Paper ID: | 1817 |
---|---|

Title: | Communication Efficient Parallel Algorithms for Optimization on Manifolds |

This paper develops parallel algorithms in a manifold setting. For doing this, this paper uses Iterative Local Estimation Algorithm with exponential map and logarithm map on a manifold. They show the upper bound for the loss under some regularity conditions. They also verify their algorithm on simulated data and real data. In terms of quality, their method is both theoretically and experimentally verified. Their theoretical analysis is sound with the concrete assumptions and bound for the loss. In terms of clarity, this paper is clearly written and well organized. Introduction gives good motivation for why parallelization on optimization algorithm on a manifold is important. In terms of originality, adapting parallel inference framework in a manifold setting is original and new as I know. References for parallel inference framework are adequately referenced. In terms of significance, their method enables to parallelize inference on manifolds, which is in general difficult. Their theoretical analysis gives an upper bound for the loss with high probability. And their experimental results also validate the correctness of their algorithms. I, as the reviewer, am familiar to differential geometry on manifolds but not familiar to parallel optimizations. And I also have some minor suggestions in submission: Submission: 66th line: D is the parameter dimensionality: shouldn't D be the data space? 81th line: 2nd line of the equation is not correct. It should be 1/2 < theta-bar{theta}, (Hessian L_1(bar{theta}) - Hessian L_N(bar{theta})) (theta-bar{theta}) > or something similar to this. 118th line: In R_{bar{theta}_1} t R_{bar{theta}_1} theta_2, bar should be removed. 123th line: log_{bar{theta}}^{-1} theta -> log_{bar{theta}} theta 146th line: L' should be appeared before the equation, something like "we also demand that there exists L' in R with (math equation)" 229th line: aim extend -> aim to extend ------------------------------------------------------------------------------- Comments after Author's Feedback I agree to Reviewer 4 to the point that the authors need to provide better motivations for how the process communication becomes expensive in for the optimization on manifolds. But I am convinced with the author's feedback about the motivation and still appreciates their theoretical analysis of convergence rates, so I would maintain my score.

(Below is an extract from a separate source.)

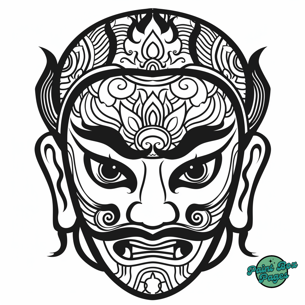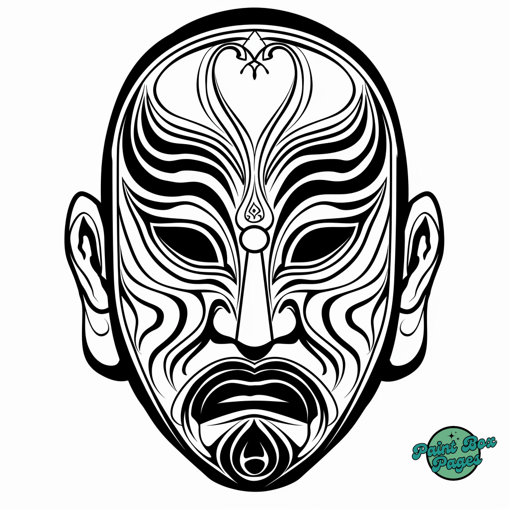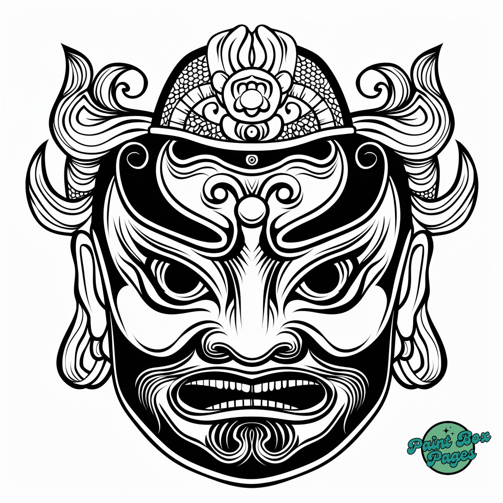 60 Asian Chinese Opera Mask Coloring Pages

1. In line 113, what is R_{\theta}? 2. In line 117, it should be triangle inequality not triangular. 3. In line 126, addictive--> additive. 4. Inverse retraction map is called lifting. Also, please mention the radius of the regular geodesic ball inside which retraction map is a bijection. 5. In line 169, please bold x_is and bold S in hypersphere. 6. Eq. (2) is FM iff \rho is geodesic distance. 7. In line 177, what is 'big circle distance', should be arc length. 8. The fastest state-of-the-art FM estimator algorithm on hypersphere is by Chakraborty et al. in MFCA 2015. Please comment on performance improvement compare to this online algorithm. Overall, though the idea is nice, I believe it mostly depends on the previous theorem (Thm. 1). Experimental section lacks comparison with the state-of-the-art. Needs proof reading and significant corrections with notations, technical content. ---------------------------------------------------------------------------------------------- POST REBUTTAL COMMENTS: The authors did a decent job with the rebuttal. My comments are successfully addresses (more-or-less). I was though concern about the motivation after reading R4's reviews, my opinion is authors did a good job there as well. I agree that minimizing the exact loss function is not feasible, hence the solution proposed is well motivated after reading the rebuttal. So, in summary, I vote for acceptance and am going to increase my vote to a 7 assuming that authors will do a check for correctness of the technical content, notations etc..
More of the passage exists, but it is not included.